■ **WHAT IS BEING ASKED**
Look through the entries below and copy exactly the part that begins with the line containing "A vibrant hummingbird" and ends with the line containing "hogy ennyire buzgók.". Do not copy the pictures.
____ DATA PROVIDED
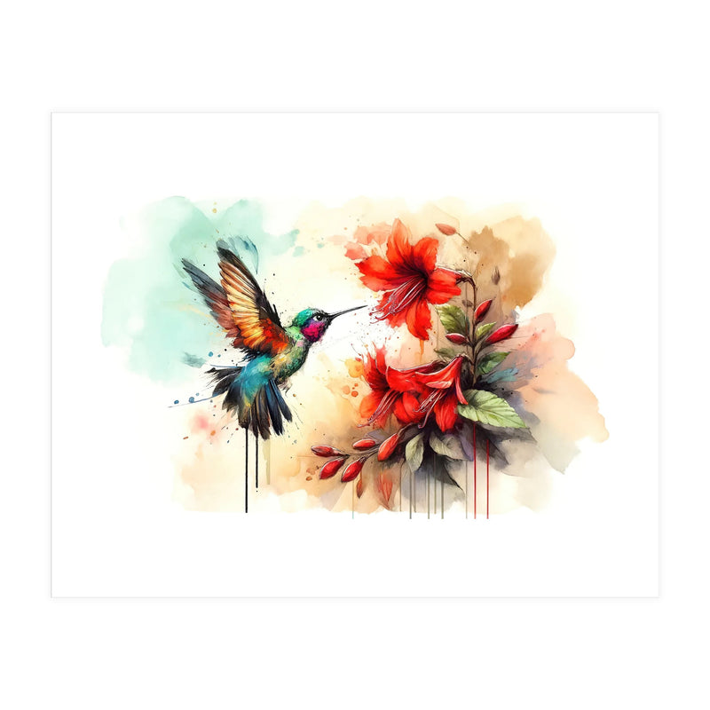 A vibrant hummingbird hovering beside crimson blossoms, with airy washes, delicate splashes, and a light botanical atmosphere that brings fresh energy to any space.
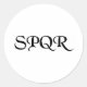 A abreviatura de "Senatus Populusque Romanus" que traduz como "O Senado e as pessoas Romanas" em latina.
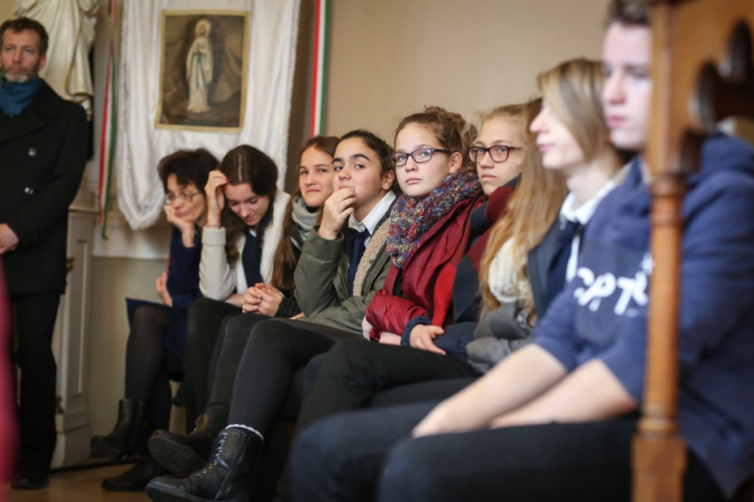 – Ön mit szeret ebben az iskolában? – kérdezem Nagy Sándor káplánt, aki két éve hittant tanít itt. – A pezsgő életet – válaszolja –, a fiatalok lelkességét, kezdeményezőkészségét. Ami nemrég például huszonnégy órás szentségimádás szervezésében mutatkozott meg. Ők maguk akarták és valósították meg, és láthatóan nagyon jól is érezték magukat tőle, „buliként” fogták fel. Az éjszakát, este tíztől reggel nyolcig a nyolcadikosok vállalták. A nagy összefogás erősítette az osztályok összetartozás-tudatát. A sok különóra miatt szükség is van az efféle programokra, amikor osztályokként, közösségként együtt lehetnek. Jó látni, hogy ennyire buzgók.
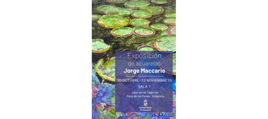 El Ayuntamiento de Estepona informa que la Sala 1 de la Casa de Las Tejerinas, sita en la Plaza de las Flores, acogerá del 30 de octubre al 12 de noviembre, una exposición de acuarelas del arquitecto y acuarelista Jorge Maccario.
________
____ DATA PROVIDED
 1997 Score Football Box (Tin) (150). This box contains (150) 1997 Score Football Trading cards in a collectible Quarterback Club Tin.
________
■ **RESULT FOR THIS TASK**
 A vibrant hummingbird hovering beside crimson blossoms, with airy washes, delicate splashes, and a light botanical atmosphere that brings fresh energy to any space.
 A abreviatura de "Senatus Populusque Romanus" que traduz como "O Senado e as pessoas Romanas" em latina.
 – Ön mit szeret ebben az iskolában? – kérdezem Nagy Sándor káplánt, aki két éve hittant tanít itt. – A pezsgő életet – válaszolja –, a fiatalok lelkességét, kezdeményezőkészségét. Ami nemrég például huszonnégy órás szentségimádás szervezésében mutatkozott meg. Ők maguk akarták és valósították meg, és láthatóan nagyon jól is érezték magukat tőle, „buliként” fogták fel. Az éjszakát, este tíztől reggel nyolcig a nyolcadikosok vállalták. A nagy összefogás erősítette az osztályok összetartozás-tudatát. A sok különóra miatt szükség is van az efféle programokra, amikor osztályokként, közösségként együtt lehetnek. Jó látni, hogy ennyire buzgók.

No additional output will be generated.